Changing what you measure (feedback loops)
- What you measure, you manage. If you measure calories, you lose weight. If you measure daily mood, you notice patterns.
- Most people don’t measure anything. They guess. Start tracking what matters to you, and systems adjust.
Changing what you’re actually optimizing for (goals)
- If your goal is “be rich,” you’ll make destructive choices.
- If your goal is “be capable, secure, and happy,” you’ll make aligned choices.
- The goal shapes the system.
This is why this post started with physical systems. It’s a leverage point. When you stabilize sleep and movement, it cascades into nearly everything else. It’s not the only lever, but it moves more things than most.
A Framework for Seeing Your System
Ask yourself these questions:
What feedback loops are currently reinforcing in my life? (Both positive ones you want to maintain and destructive ones you want to break.)
What second-order consequences am I ignoring? (What seems good at first but breaks down when you zoom out?)
What flows am I optimizing? (Daily/weekly habits that compound.)
What stocks am I building? (What am I accumulating?)
Where’s my leverage point? (Which single change would cascade through multiple systems?)
Most people can answer these questions if they stop and think.

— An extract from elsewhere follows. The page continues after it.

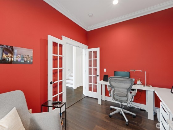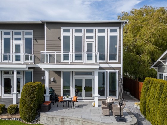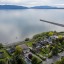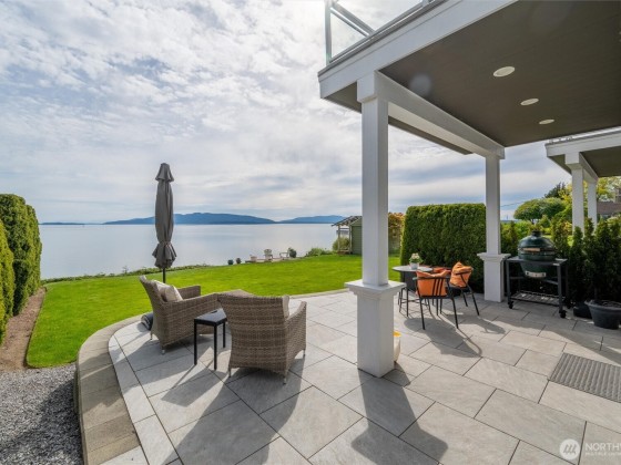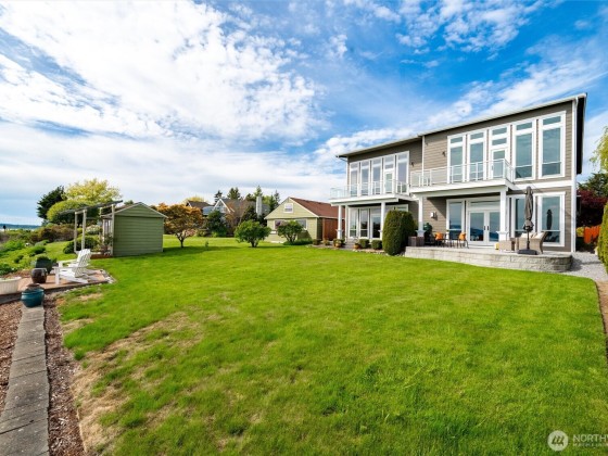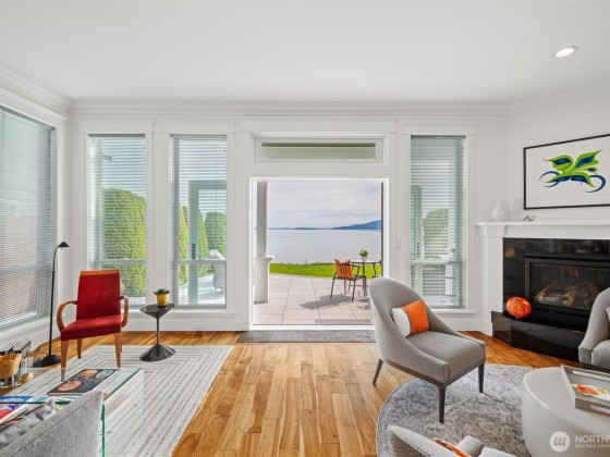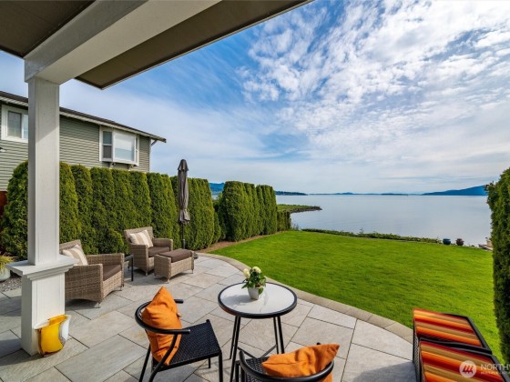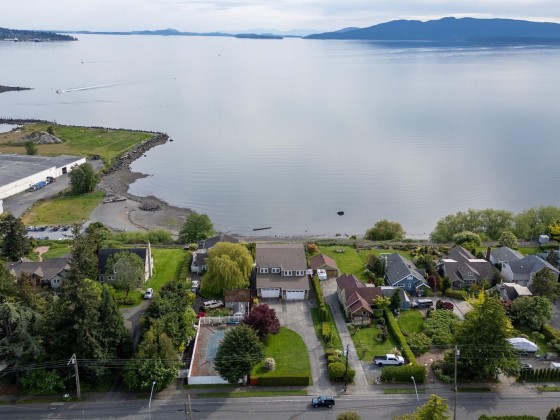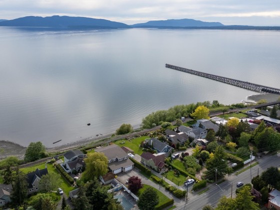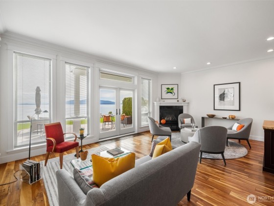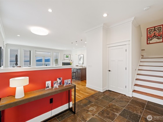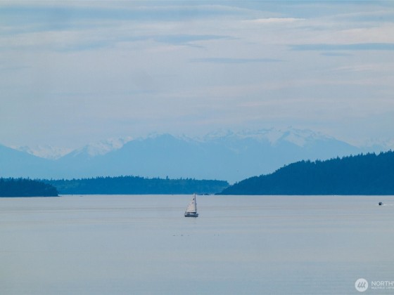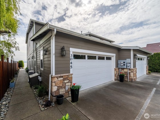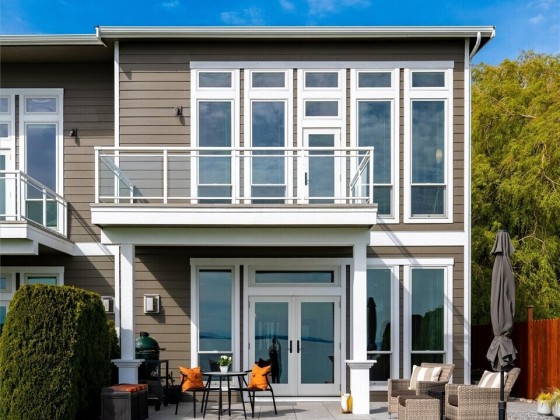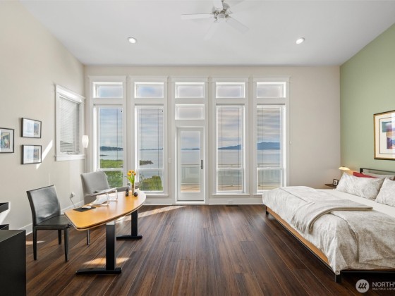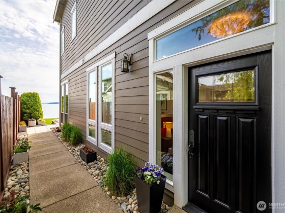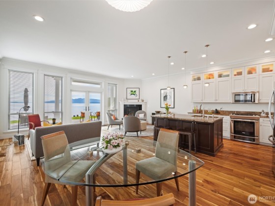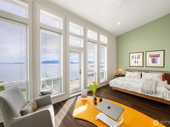 Luxury townhouse w/amazing southern bay/sound, island & mountain views through walls of windows up to soaring vaulted ceilings & high-end finishes throughout. This 2580 sqft unit lives like a similarly sized house w/3 bedrooms, office, 2-car garage w/the lock & go convenience of a condo. Fabulous primary suite features a spa bath & separate dual-shower enclosure, radiant heat, walk-in closet, and large balcony w/sweeping unobstructed views. Originally built in 2010, the current owners have completely gone through entire unit, upgrading fixtures, flooring, windows, appliances, patio. Complete interior paint refresh. Private patio, lawn and set back from the road with off-street parking. Rare two-unit association amongst single-family homes.

They’re not hidden. You just have to look.
Why This Matters
You’ve probably noticed that some people seem to have it together. They’re not necessarily smarter. They’re not necessarily richer. They’re not lucky.
They just see their life as a system. They notice feedback loops. They think about second-order consequences. They optimize for flows, not one-time wins. They find their leverage points.
And most importantly: they treat their life like something they can architect, not something that happens to them.
You are not trapped by your circumstances. You are constrained by the systems you’ve built (or inherited). And systems can be redesigned.
It starts with seeing the connections instead of isolated events.
If your system feels fragile — if one failure would cascade into everything — you may be dealing with tight coupling, and there’s a specific way to fix it.
What system in your life needs redesigning? What loop is pulling you backward? What lever could you move?
Start there. Everything else cascades.